前段時間,祁照一和祁枏黏黏糊糊的,互相枕著對方的枕頭入眠。
哥哥變成了對自己十分溫柔的人,那正是以前的自己所期望的。那時的祁照一沉浸在哥哥的寵愛裡,就像長期餓肚子的人,為了貪圖一時的歡喜,強制繼續掩蓋那裂出縫隙的陰影,多一步兩人都將掉進不可知的深淵。
那是幸福又暗藏迷茫的時刻。
最終,兩人被那奇異的飽腹感所吞噬。
祁照一有些認知失調,拒絕著再與兄長親密接觸。今早再一次聽見了那溫柔的聲音,恍若夢境的迴響,在隱秘的心底激盪開漣漪。
“我看見你偷笑了。”
“沒……”祁照一扒開祁枏的手,睜開眼。
“你怎麼起那麼早?”
“嗯,因為想叫你起床,你以前不是老來催我嗎,今天我當你的鬧鐘,叮叮叮。”
看著他那疲憊不堪,眼下烏青的臉,祁照一不留情面地說:“你是一整夜沒睡吧?”
祁枏又忍不住上手去撫平弟弟亂翹起來的呆毛,說:“那你睡得可真香,夢見了甚麼安心的人?”

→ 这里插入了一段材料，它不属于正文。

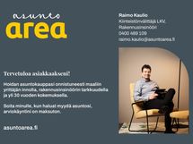 Taloyhtiö on hyväkuntoinen, se sijaitsee omalla tontilla ja siinä on edullinen hoitovastike. Talossa on huoneistokohtainen ilmanvaihto lämmöntalteenotolla. Sijainti on hyvä. Liikenneyhteydet ovat erinomaiset, keskustaan on matkaa vain 1,8 kilometriä. Asunnon mukana on mahdollisuus ostaa autokatospaikka. Tästä hyvä koti itselle tai sijoitukseen. Lisätietoja ja esittelyt Raimo Kaulio LKV, RI p. 0400 489109.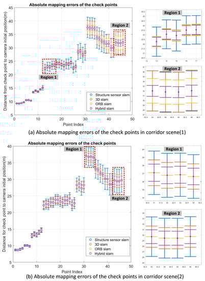 The checkpoints set and the ground truth of the corridor scenes were initially aligned by control points identified from the first RGB-D frame. The performances of the geometric integration approaches were evaluated by comparing the ground coordinates derived from the three methods with the ground truth data. The discrepancies of each checkpoint from different SLAM methods are presented by error bars with different colors, as shown in Figure 14. Absolute mapping errors of the checkpoints along with camera trajectories. Similarly, the drift errors are accumulated as the point index increases in both corridor scenes (1) and (2). From the error bar segments corresponding to the part of error bars marked in red rectangle regions in Figure 14. Absolute mapping errors of the checkpoints along with camera trajectories, the hybrid SLAM method achieved a much higher mapping accuracy than the others.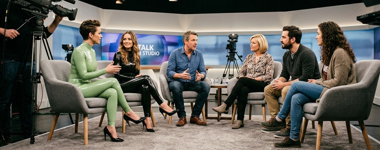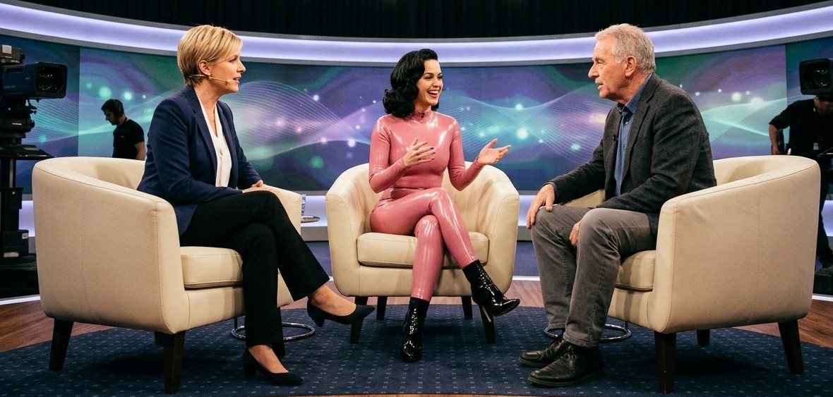„Markus, ich bin eine offen lesbische Frau. Ich trage dieses Outfit nicht, um eine Latexnacht im Privatsender zu moderieren. Ich trage es, weil es meine zweite Haut ist. Weil ich mich damit authentisch fühle. Und weil die Nachrichten heute ohnehin düster sind – da kann doch wenigstens ich glänzen.“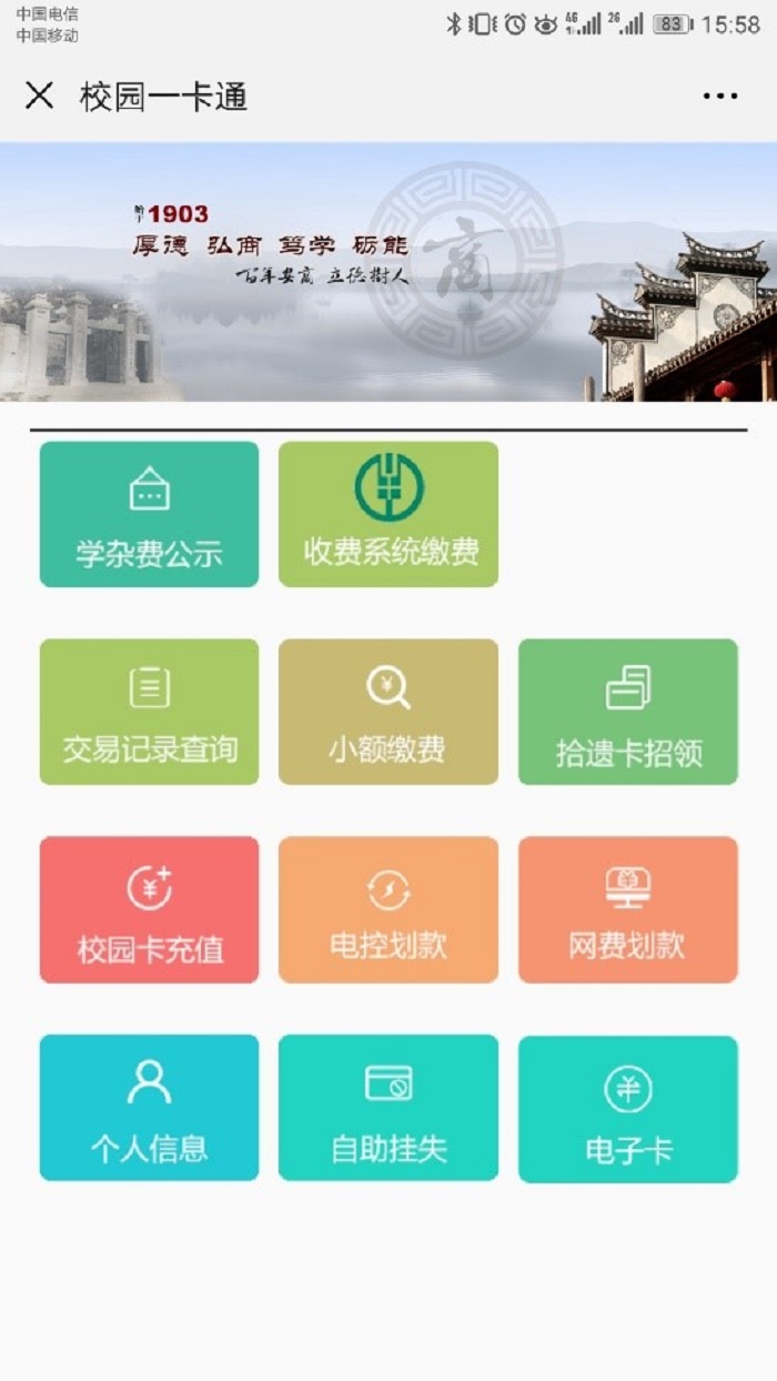 6、打开“ky体育app官方微服务” 【一卡通】进入一卡通应用微导航首页,可查询个人基础信息,自助挂失,电控转账、校园卡圈存(目前仅限农行)、交易记录查询、学杂费费用公示、学杂费自助缴费、电子卡(校园一卡通虚拟卡,与实体卡共用钱包)等。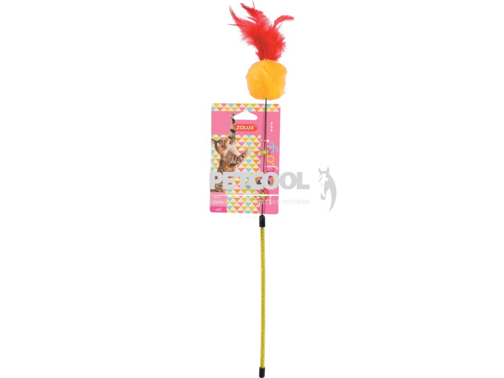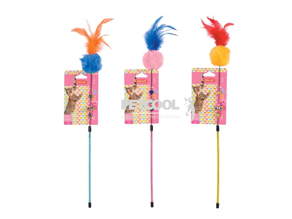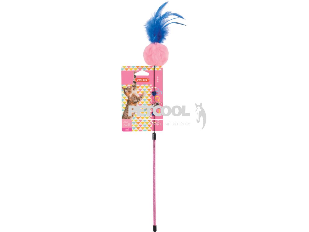 Udice ZOLUX POMPOM FISHING plyšová barevná kulička a pírka umístěné na plastové tyčce. Hračka na tyčce, svým pohybem láká kočku ke hře.

“嗯,夢見了我女朋友。”我騙你的,其實做了奇怪的噩夢。
“……哦。”祁枏低著頭說,沒甚麼特別的反應。
“挺好的,你確實要多交點朋友,我感覺你好像開朗多了。”
祁照一的嘴角抿成一條線,皮笑肉不笑,“有嗎?”
祁枏好像沒看出他的黑臉反而繼續說:“有,而且她非常優秀,你們可以一起學習吧,再說了你們集訓可以陪伴,你老說孤單來著……”
沒等他把話說完,祁照一掀開被子就走去刷牙了。
真的如祁照一所說,在學校沒有人會有閒心議論祁枏了,至少他自己沒聽見過。不過除了大大咧咧的凌雪,也沒人願意和傳聞中的怪人交朋友。
自祁照一重新回到祁家之後,祁枏對他很主動,各個方面上。在學校裡,他會偷偷在他抽屜裡塞紙條,說一起去食堂吃飯,如果不想讓人看到我和你走在一起,我們可以找個角落。
祁照一盯著那紙條發呆,哥哥在家裡當霸王,在學校卻小心翼翼起來了?
他每次都會答應,並且從來都不遮遮掩掩的。
不過,自從他說自己交往了女友後,祁枏便不寫這種紙條了。
祁照一和沈菀奕去食堂吃過一次飯,他發現自己得了失語症,變成了只會點頭和搖頭的機器,而機器沒甚麼食慾。
每天都像有一個混亂因子在作祟,當祁照一想要找到時,一天已經過去了。
這場手都沒牽過的“初戀”只持續了兩週。
那天放學路上,女孩在自己身邊說著話,他在走神甚麼都聽不進去。女孩握住了他的手臂,女孩看著他發呆的樣子覺得可愛在他的臉頰上親了一口。
祁照一下意識推開了她,她差點摔倒在地上,路人看了過來,讓人有些沒面子。
女孩看著他用無比驚訝的表情看著自己,感到被冒犯,“你幹嗎?你剛剛是瘋了嗎?”
“對不起,我被嚇到了。”
“你傻*吧!我是你女朋友,你這樣對我,你不喜歡我同意交往幹嗎?渣男真下頭!”沈菀奕與人的交往是減分制的,她一開始非常喜歡祁照一,給了一百分。可他連手都不給牽,沒甚麼分享欲話也跟自己不多,通常到了95分時她會開始不耐煩,可這人臉實在是讓人留戀,沈菀奕還掙扎了一會兒。後來這人不順自己心的事多了,慢慢的光環消退,只覺自己在浪費時間。
“……”緩了一會兒,看著她離去的背影,祁照一才發覺原來剛剛被分手了。
現實生活中的很多事情都難以引發他的情緒,和祁枏接觸的時候這種飄離感還好了一點。這種精神寄託真讓自己成為了哥哥的寄生蟲,祁照一越往下想越覺得嚇人。
哥哥對我做甚麼都可以,那麼它也相應地意味著我可以感受他給予我的一切。總之這句承諾分量沉重,為了消解我對他極度強烈的情感,那麼我也可以將這個承諾給任何人。於是有人喜歡我,有人需要我,那麼我同意了。不過除了物質上的給予和物件這個身份,祁照一其他的給不了,也沒有資格給出去。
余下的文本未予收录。